**Dataset excerpts:**
★ ★ ★ ★

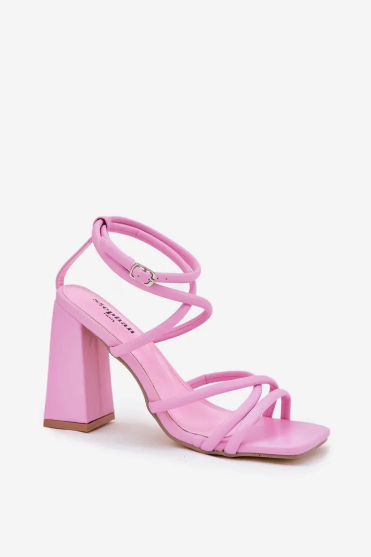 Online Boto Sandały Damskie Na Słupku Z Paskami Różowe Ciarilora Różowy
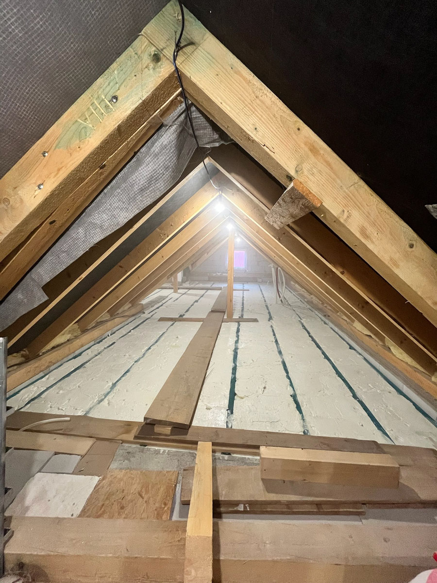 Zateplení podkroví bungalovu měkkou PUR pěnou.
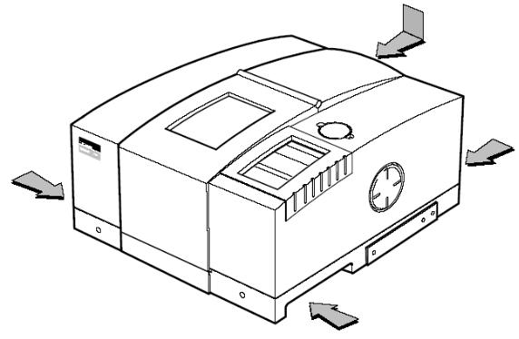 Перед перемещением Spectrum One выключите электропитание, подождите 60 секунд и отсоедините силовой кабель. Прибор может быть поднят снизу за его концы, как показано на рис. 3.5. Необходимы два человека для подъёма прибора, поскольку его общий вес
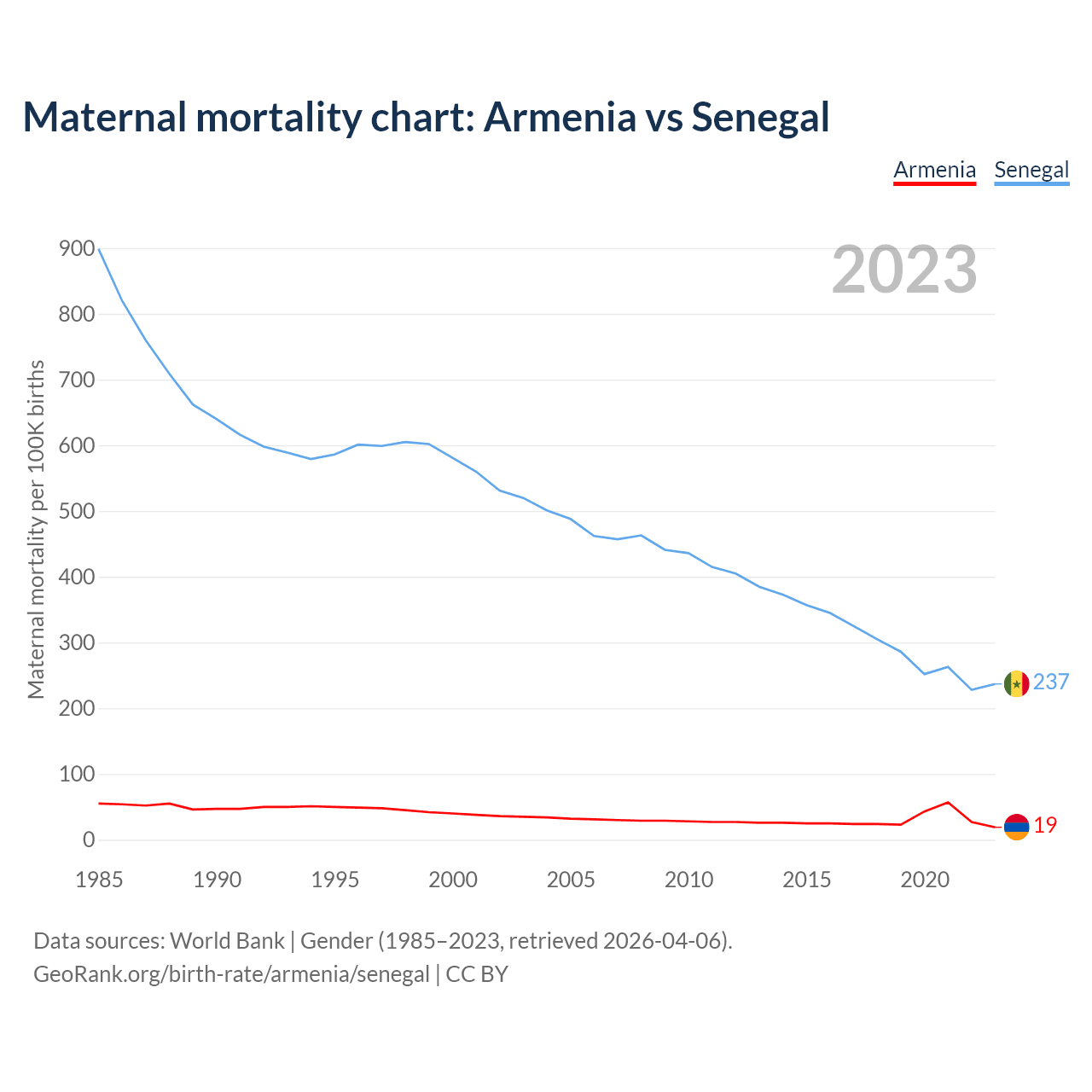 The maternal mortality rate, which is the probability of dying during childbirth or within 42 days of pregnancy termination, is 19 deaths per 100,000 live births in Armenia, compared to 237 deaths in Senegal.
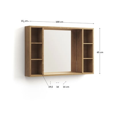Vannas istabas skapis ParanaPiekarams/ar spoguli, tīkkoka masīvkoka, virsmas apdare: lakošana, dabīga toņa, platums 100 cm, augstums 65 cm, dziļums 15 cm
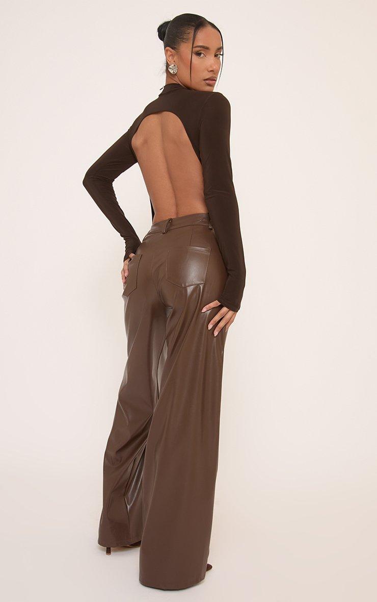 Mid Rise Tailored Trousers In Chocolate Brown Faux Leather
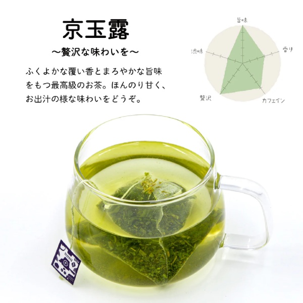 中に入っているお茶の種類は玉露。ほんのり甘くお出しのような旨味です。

★ ★ ★ ★

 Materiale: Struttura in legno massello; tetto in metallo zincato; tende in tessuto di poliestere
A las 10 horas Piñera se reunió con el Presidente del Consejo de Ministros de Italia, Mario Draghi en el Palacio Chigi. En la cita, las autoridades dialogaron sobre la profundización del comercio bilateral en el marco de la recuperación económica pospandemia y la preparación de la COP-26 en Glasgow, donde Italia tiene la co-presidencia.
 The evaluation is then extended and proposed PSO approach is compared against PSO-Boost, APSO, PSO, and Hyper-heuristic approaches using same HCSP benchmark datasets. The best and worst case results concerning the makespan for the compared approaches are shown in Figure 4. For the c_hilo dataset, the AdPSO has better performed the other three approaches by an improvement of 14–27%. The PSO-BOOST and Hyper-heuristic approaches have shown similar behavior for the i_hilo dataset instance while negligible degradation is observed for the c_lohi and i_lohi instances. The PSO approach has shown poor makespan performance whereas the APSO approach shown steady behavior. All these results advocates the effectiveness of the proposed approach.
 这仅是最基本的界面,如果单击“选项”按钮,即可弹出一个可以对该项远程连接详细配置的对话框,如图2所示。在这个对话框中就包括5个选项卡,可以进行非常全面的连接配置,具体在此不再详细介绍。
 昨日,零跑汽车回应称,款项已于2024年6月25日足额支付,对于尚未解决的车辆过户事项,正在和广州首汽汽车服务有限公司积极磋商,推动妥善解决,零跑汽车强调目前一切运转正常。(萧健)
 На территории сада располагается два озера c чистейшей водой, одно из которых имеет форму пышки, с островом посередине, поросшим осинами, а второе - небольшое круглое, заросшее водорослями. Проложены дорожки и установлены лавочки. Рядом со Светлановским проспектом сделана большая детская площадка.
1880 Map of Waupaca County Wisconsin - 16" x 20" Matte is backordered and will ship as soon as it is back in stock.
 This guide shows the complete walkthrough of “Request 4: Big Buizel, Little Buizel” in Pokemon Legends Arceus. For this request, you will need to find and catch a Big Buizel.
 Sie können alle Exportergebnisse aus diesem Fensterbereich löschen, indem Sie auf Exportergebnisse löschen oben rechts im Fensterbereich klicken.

★ ★ ★ ★

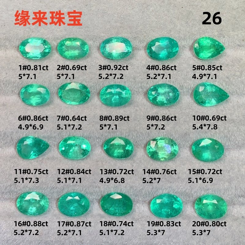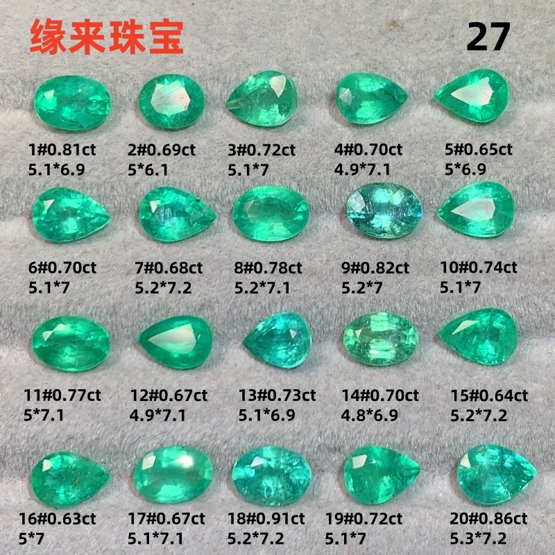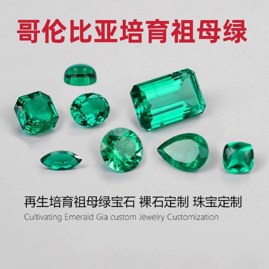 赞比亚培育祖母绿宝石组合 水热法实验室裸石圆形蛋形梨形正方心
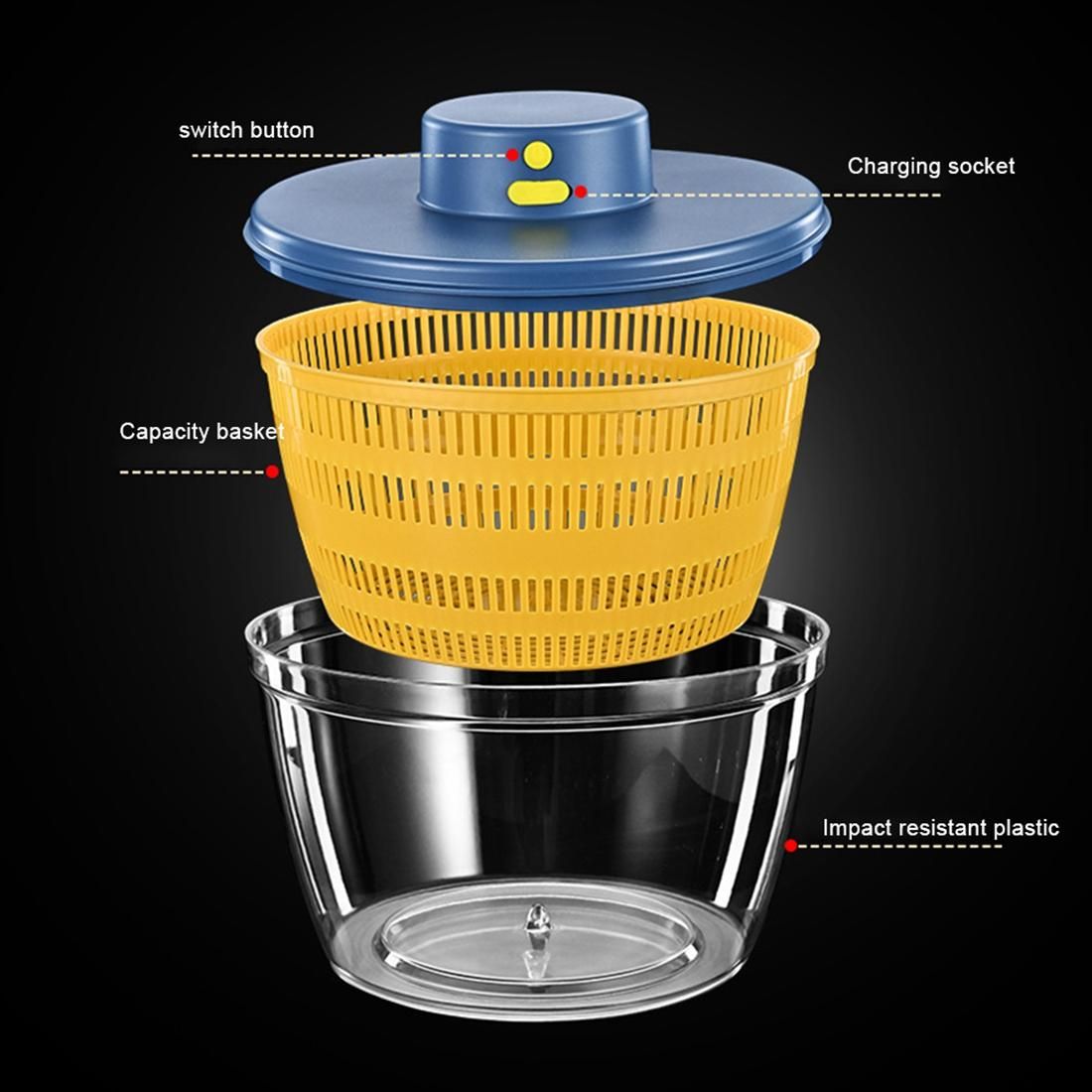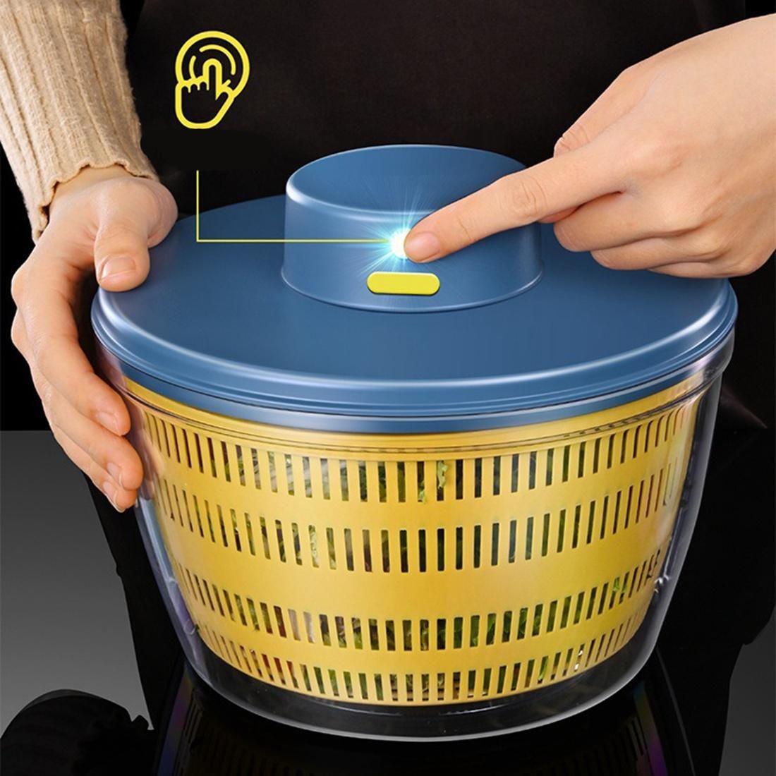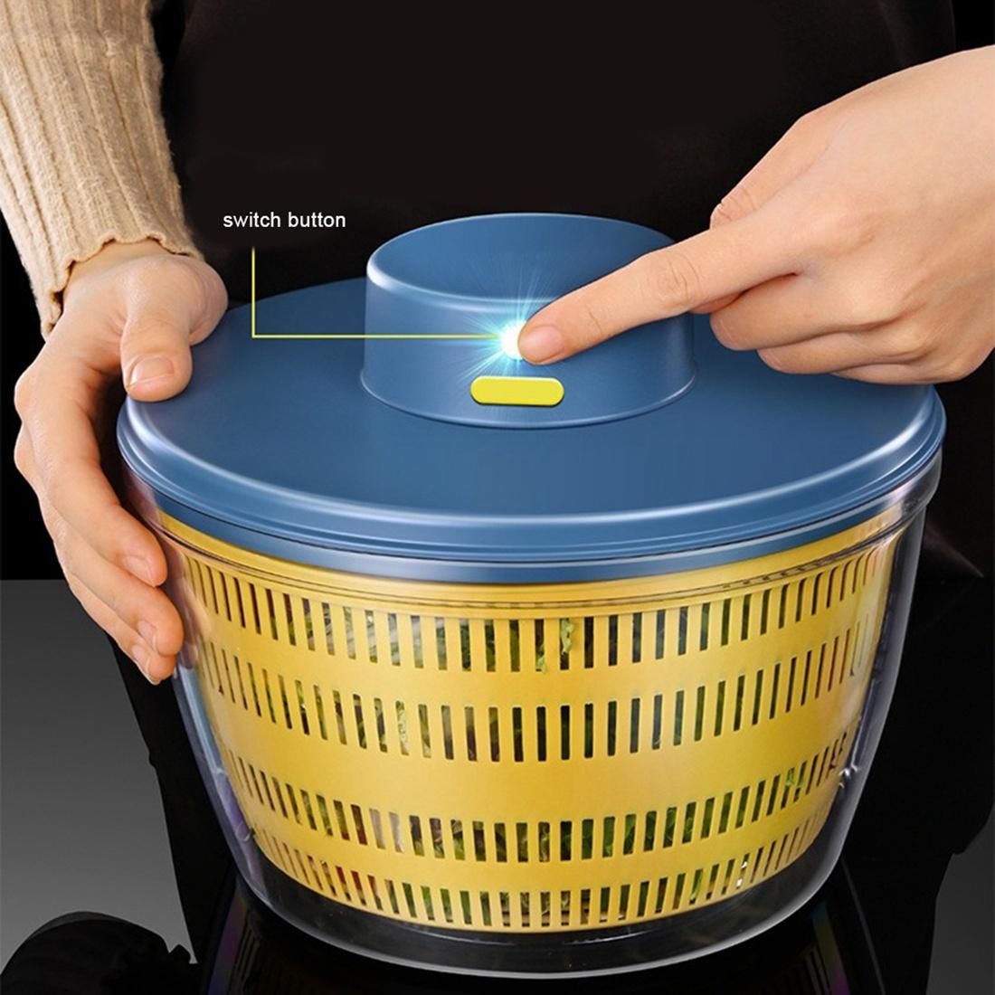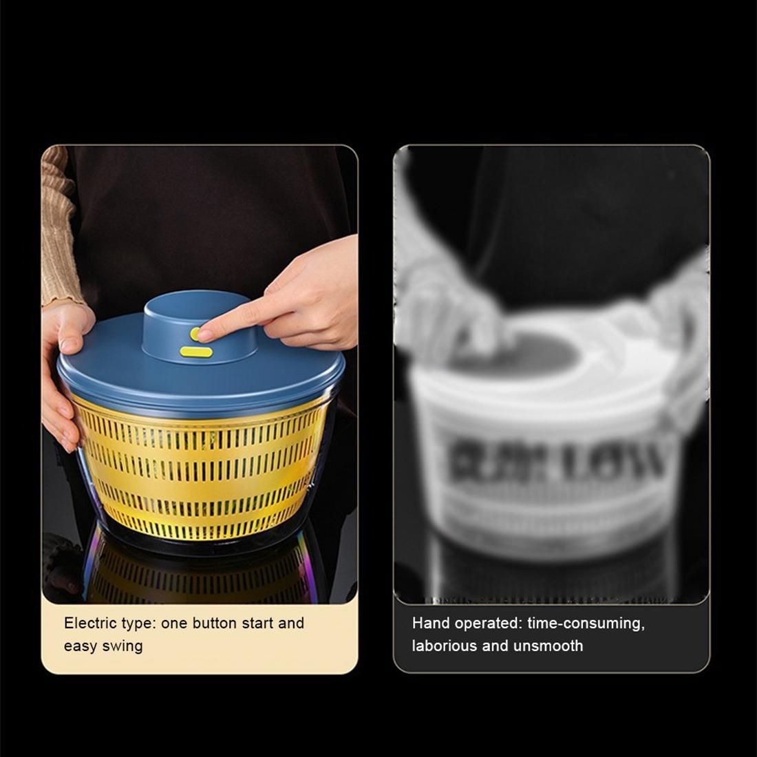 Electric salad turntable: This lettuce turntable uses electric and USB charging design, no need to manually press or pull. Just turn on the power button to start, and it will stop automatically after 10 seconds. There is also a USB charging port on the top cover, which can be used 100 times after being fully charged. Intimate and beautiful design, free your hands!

★ ★ ★ ★

**Work instructions:** Transcribe the lines above exactly, beginning at the one with "Mid Rise Tailored" and ending at the one with "中に入っているお茶の種類は玉露。ほんのり甘くお出しのような旨味です。". Include both; exclude the pictures.

**Response area:**
 Mid Rise Tailored Trousers In Chocolate Brown Faux Leather
 中に入っているお茶の種類は玉露。ほんのり甘くお出しのような旨味です。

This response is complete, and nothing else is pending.